**Exercise:** Ignoring every picture, return the lines of the listing below word for word, from the line that holds "早泄延时喷剂只是一种治标不治" through the line that holds "5月5日下午,中国十七冶集团".

**Recorded data:**

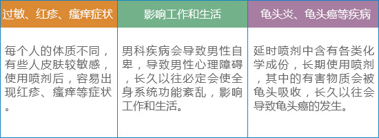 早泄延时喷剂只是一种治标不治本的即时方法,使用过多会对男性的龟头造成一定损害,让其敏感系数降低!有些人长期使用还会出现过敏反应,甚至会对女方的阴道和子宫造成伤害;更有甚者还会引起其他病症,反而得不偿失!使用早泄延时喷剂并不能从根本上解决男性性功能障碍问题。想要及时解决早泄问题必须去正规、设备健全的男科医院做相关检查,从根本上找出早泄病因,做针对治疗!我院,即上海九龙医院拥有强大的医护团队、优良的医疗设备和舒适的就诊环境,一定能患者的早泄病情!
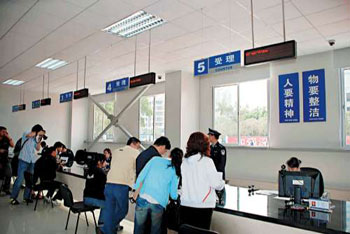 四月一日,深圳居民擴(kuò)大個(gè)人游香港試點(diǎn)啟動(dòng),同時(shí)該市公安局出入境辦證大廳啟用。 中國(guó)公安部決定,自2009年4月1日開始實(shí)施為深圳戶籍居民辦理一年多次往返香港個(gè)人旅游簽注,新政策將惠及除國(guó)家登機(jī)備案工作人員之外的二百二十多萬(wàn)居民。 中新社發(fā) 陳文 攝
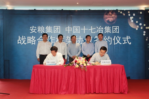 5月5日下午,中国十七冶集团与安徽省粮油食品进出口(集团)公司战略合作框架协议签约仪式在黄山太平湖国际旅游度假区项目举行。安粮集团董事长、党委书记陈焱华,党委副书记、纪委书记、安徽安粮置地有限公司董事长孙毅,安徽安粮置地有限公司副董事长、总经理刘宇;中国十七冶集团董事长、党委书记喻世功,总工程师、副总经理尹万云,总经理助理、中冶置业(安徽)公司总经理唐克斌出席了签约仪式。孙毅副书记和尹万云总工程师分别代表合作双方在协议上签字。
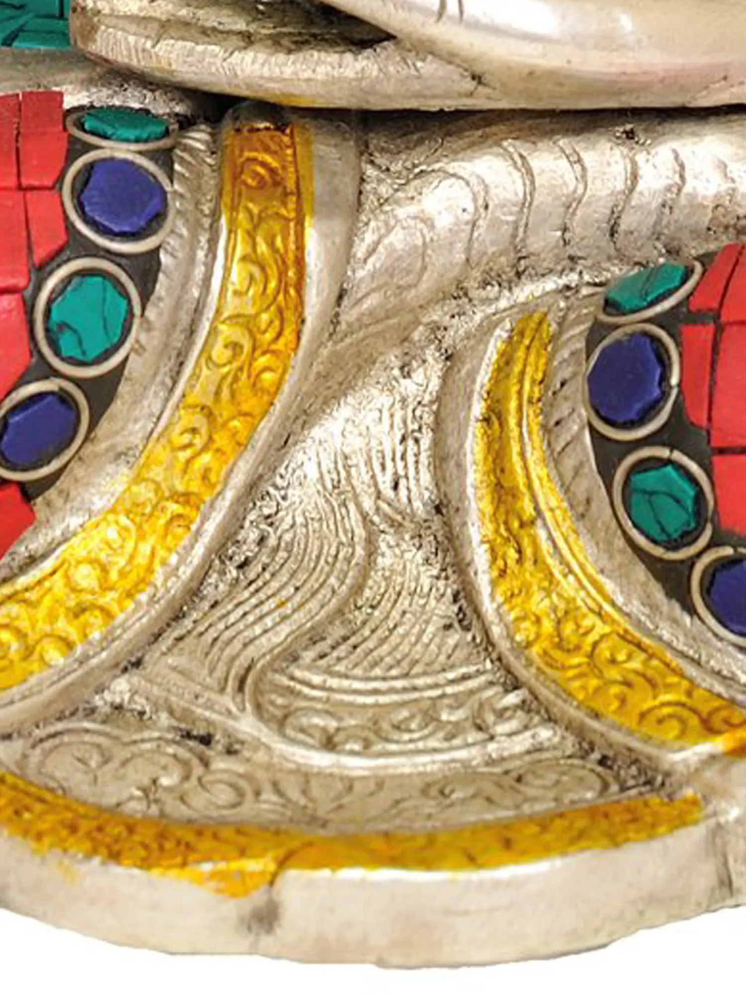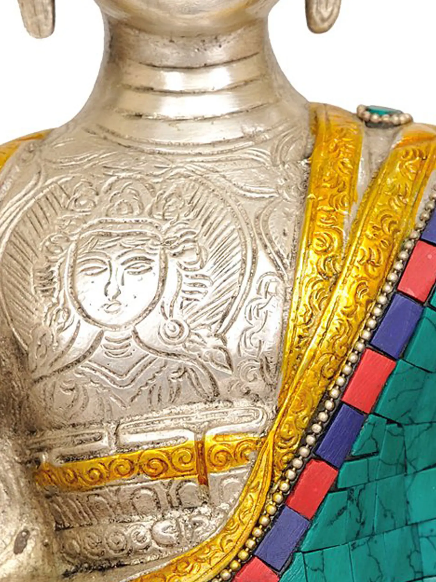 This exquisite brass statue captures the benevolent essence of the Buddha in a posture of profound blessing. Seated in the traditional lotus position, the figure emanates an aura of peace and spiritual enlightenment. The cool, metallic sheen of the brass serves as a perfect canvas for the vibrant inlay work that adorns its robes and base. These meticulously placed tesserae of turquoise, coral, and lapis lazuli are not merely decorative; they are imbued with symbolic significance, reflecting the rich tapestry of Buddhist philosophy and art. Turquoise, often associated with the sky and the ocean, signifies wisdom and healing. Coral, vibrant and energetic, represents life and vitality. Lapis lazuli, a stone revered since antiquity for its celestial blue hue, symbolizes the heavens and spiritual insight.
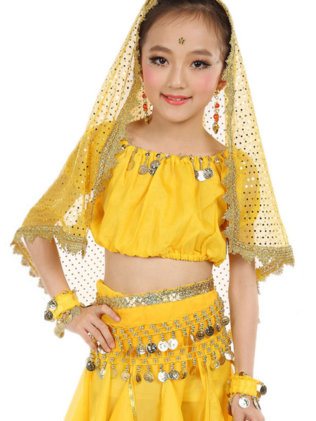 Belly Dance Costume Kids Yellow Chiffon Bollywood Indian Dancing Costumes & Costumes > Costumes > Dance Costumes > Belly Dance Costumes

--

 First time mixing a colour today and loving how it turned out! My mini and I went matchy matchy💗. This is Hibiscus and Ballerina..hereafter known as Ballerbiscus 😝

**Reply to the task:**
 早泄延时喷剂只是一种治标不治本的即时方法,使用过多会对男性的龟头造成一定损害,让其敏感系数降低!有些人长期使用还会出现过敏反应,甚至会对女方的阴道和子宫造成伤害;更有甚者还会引起其他病症,反而得不偿失!使用早泄延时喷剂并不能从根本上解决男性性功能障碍问题。想要及时解决早泄问题必须去正规、设备健全的男科医院做相关检查,从根本上找出早泄病因,做针对治疗!我院,即上海九龙医院拥有强大的医护团队、优良的医疗设备和舒适的就诊环境,一定能患者的早泄病情!
 四月一日,深圳居民擴(kuò)大個(gè)人游香港試點(diǎn)啟動(dòng),同時(shí)該市公安局出入境辦證大廳啟用。 中國(guó)公安部決定,自2009年4月1日開始實(shí)施為深圳戶籍居民辦理一年多次往返香港個(gè)人旅游簽注,新政策將惠及除國(guó)家登機(jī)備案工作人員之外的二百二十多萬(wàn)居民。 中新社發(fā) 陳文 攝
 5月5日下午,中国十七冶集团与安徽省粮油食品进出口(集团)公司战略合作框架协议签约仪式在黄山太平湖国际旅游度假区项目举行。安粮集团董事长、党委书记陈焱华,党委副书记、纪委书记、安徽安粮置地有限公司董事长孙毅,安徽安粮置地有限公司副董事长、总经理刘宇;中国十七冶集团董事长、党委书记喻世功,总工程师、副总经理尹万云,总经理助理、中冶置业(安徽)公司总经理唐克斌出席了签约仪式。孙毅副书记和尹万云总工程师分别代表合作双方在协议上签字。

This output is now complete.